如果把softmax看作一个1-layer tree,每个单词都是一个叶节点, 因为需要归一化所以计算每个单词的概率的复杂度是$O(V)$。Hierarchical Softmax只是把1-layer变成了multi-layer，在不增加embedding大小的情况下（V个叶节点，树有V-1个inner node), 把计算每个单词概率的复杂度降低到$O(logV)$，直接用从root到叶节点的路径来计算每个单词的概率。树的构造作者选用了huffman tree,优点在于高频词从root到leaf的路径会比低频词更短，这样可以进一步加速训练，具体细节可以来看这篇博客human coding

例如下图（图片来源）

$$
\begin{align}
P(Horse) &= P(0,left)\cdot P(1,right)\cdot P(2,left)
\end{align}
$$

那具体上面的p(0,left)要如何计算呢？

每一个node都有自己的embedding $v_n{(w,j)}$, 既单词w路径上第j个node的embedding,输入输出的单词内积，变为输入单词和node的内积，每个单词的概率计算如下

\[p(w=w_o) = \prod_{j=1}^{L(w)-1}\sigma([n(w,j+1) = ch(n(w,j))] \cdot {v_{n(w,j)}}^{T} h)
\]

不得不说这个式子写的真是生怕别人能看懂>_<

$[n(w,j+1) = ch(n(w,j))]$ 是个啥？ch是left child，$[\cdot]$只是用来判断path是往左还是往右

\[\ [\cdot] =
\begin{cases}
1 & \quad \text{if 往左} \\
-1 & \quad \text{if 往右}
\end{cases}
\
\]

所以

\[\begin{align}
p(n,left) &= \sigma(v_n^T\cdot h )\\
p(n, right) &= \sigma(-v_n^T\cdot h )= 1- \sigma(v_n^T\cdot h )
\end{align}
\]

对应上面的模型推导，hidden->ouput的部分发生变化, 损失函数变为以下

\[E= -log P(w=w_j|w_I) = - \sum_{j=1}^{L(w)-1}log([\cdot]v_j^T h)
\]

每次output单词对应的路径上的embedding会被更新，预测任务变为该路径上每个inner_node应该往左还是往右。

简单的huffman Hierarchy softmax的实现如下

class TreeNode(object):

    total_node = 0

    def __init__(self, frequency, char = None , word_index = None, is_leaf = False):

        self.frequency = frequency

        self.char = char # word character

        self.word_index = word_index # word look up index

        self.left = None

        self.right = None

        self.is_leaf = is_leaf

        self.counter(is_leaf)

    def counter(self, is_leaf):

        # node_index will be used for embeeding_lookup

        self.node_index = TreeNode.total_node

        if not is_leaf: TreeNode.total_node += 1

    def __lt__(self, other):

        return self.frequency < other.frequency

    def __repr__(self):

        if self.is_leaf:

            return 'Leaf Node char = [{}] index = {} freq = {}'.format(self.char, self.word_index, self.frequency)

        else:

            return 'Inner Node [{}] freq = {}'.format(self.node_index, self.frequency)

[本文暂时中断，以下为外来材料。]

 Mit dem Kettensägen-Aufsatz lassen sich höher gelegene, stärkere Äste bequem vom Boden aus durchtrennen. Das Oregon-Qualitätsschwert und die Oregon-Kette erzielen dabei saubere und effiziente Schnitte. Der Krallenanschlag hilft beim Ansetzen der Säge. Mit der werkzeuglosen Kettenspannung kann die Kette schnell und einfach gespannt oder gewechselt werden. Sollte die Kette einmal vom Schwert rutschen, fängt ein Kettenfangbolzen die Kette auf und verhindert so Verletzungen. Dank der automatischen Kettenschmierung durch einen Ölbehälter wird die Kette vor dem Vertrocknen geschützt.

class HuffmanTree(object):

    def __init__(self, freq_dic):

        self.nodes = []

        self.root = None

        self.max_depth = None

        self.freq_dic = freq_dic

        self.all_paths = {}

        self.all_codes = {}

        self.node_index = 0

    @staticmethod

    def merge_node(left, right):

        parent = TreeNode(left.frequency + right.frequency)

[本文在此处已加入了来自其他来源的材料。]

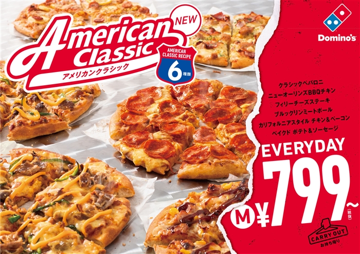 ドミノピザは「ピザは高い」「パーティの時に食べるもの」という固定イメージを打ち壊すべく、新価格帯のピザ「アメリカンクラシック」を発表しました。価格は持ち帰り価格799円〜、デリバリー1800円〜で、味は全6種類。

        parent.left = left

        parent.right = right

        return parent

    def build_tree(self):

        """

        Build huffman tree with word being leaves

        """

        TreeNode.total_node = 0 # avoid train_and_evaluate has different node_index

        heap_nodes = []

        for word_index, (char, freq) in enumerate(self.freq_dic.items()):

            tmp = TreeNode( freq, char, word_index, is_leaf=True )

            heapq.heappush(heap_nodes, tmp )

        while len(heap_nodes)>1:

            node1 = heapq.heappop(heap_nodes)

            node2 = heapq.heappop(heap_nodes)

            heapq.heappush(heap_nodes, HuffmanTree.merge_node(node1, node2))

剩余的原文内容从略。